You can see that it's no wonder 'Z' and 'Q' are high value Scrabble letters.
"[Easy]". I had no idea how to do this, even after pondering for a while. The Huffman coding Wikipedia page gives a "simple algorithm" that involves building a tree from a minimum priority queue, where the priority of a character is that character's frequency. Once you have the tree, you can determine the bit patterns for each character by traversing the tree. A left child gets a 0-bit, a right child gets a 1-bit at each level of recursion. When the traverse reaches a leaf node, it has all the bits for the symbol at that leaf.
This really does not strike me as "[Easy]". It involves 2 different data structures, a heap (used as a min-priority queue) and a binary tree. There's algorithms for adding and deleting elements to the min-priority queue, and there's a traverse of the tree built from the queue, which involves keeping track of left or right child recursion.
The O(n) method of constructing the encoding tree is completely in-obvious.
Further, the "simple algorithm" will never construct a tree like the example in the problem statement. The example tree has two interior nodes that only have a single child. The 'c' and 's' nodes could take the place of the interior nodes above each of them in the example tree:
*
/ \
* *
/ \ / \
c a t s
If you use English frequencies for 'c', 'a', 't', 's', and run it through the Huffman algorithm, you get a tree like this:
*
/ \
T *
/ \
A *
/ \
C S
The example doesn't illuminate, and it's misleading and wrong.
Unless the candidate has recently gone through either of these algorithms, they're not going to do well at this problem at all. The interviewer is unlikely to get what they want out of the interview. All in all, a very bad interview question.
It might be a bad interview question, but it's actually interesting to do this algorithm from the Wikipedia page. The obvious next step is to build an encoder and a decoder. Which I did.
$ go build cmd/encode.go
$ go build cmd/decode.go
$ go build cmd/table.go
$ find $GOPATH -name 'README.md' | xargs cat > big.txt
$ ./table big.txt > big.tbl
$ ./encode -i big.tbl -o readme.huff ./README.md
$ ./decode -i big.tbl -o readme.plain readme.huff
$ ls -l README.md readme.huff readme.plainWhen I do the above commands,
I see that encode says it outputs 4.815631 bits per rune.
480 % ls -l README.md readme.huff readme.plain
-rw-r--r-- 1 bediger bediger 3813 Oct 18 18:49 README.md
-rw-r--r-- 1 bediger bediger 2296 Oct 18 18:51 readme.huff
-rw-r--r-- 1 bediger bediger 3814 Oct 18 18:51 readme.plain2296/3813 = 0.6021
4.815631/8 = 0.6019
encode really is getting the compression it says.

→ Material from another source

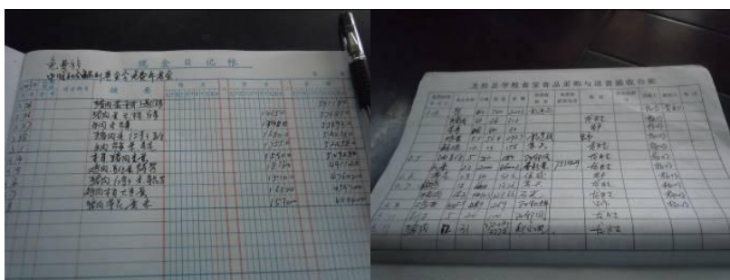
图十三 现金进出帐
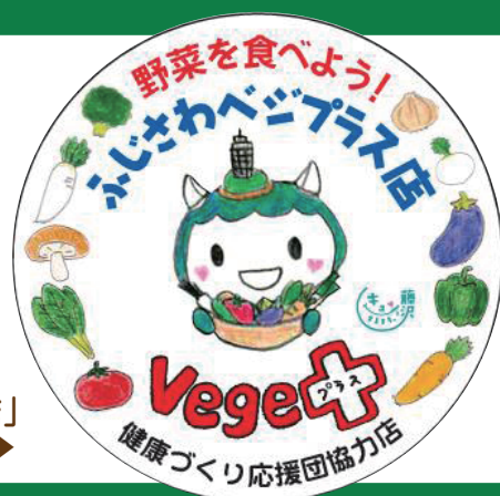
「ふじさわベジプラス店」ステッカー▶

Running ./huffman -i big.tbl says that you should get 5.098 bits per symbol.
Neither encode nor decode is spectacularly efficient code,
nor is either one "good" code.
They are just simple programs that allowed me to double check that
Wikipedia's claims about Huffman Encoding are correct,
and that a program can read prefix-free symbols from a stream of bits.
A Huffman encoder like I wrote would be a good choice
of compressor for Normalized Compression Distance
because the dictionary that appears in output of general-purpose compressors
like gzip isn't included in my encoder's output.
It occurred to me that walking an encoding tree with a stream of random bits allows you to generate streams of symbols that might be statistically similar to the symbol distribution used to create the encoding tree.
$ go build cmd/recode.go
$ ./recode -i better.tbl -o random.txt
$ file random.txt
random.txt: Unicode text, UTF-8 text
$ go build cmd/table.go
$ ./table random.txt > random.tbl
$ join better.tbl random.tbl
09 0.001816 0.0019
0a 0.025974 0.0318
20 0.148642 0.1244
21 0.000148 0.0001
22 0.002398 0.0020
23 0.000461 0.0004
...
Looks like the character frequency is close, but not exact. I don't know if one of those Markov chain generators would do better.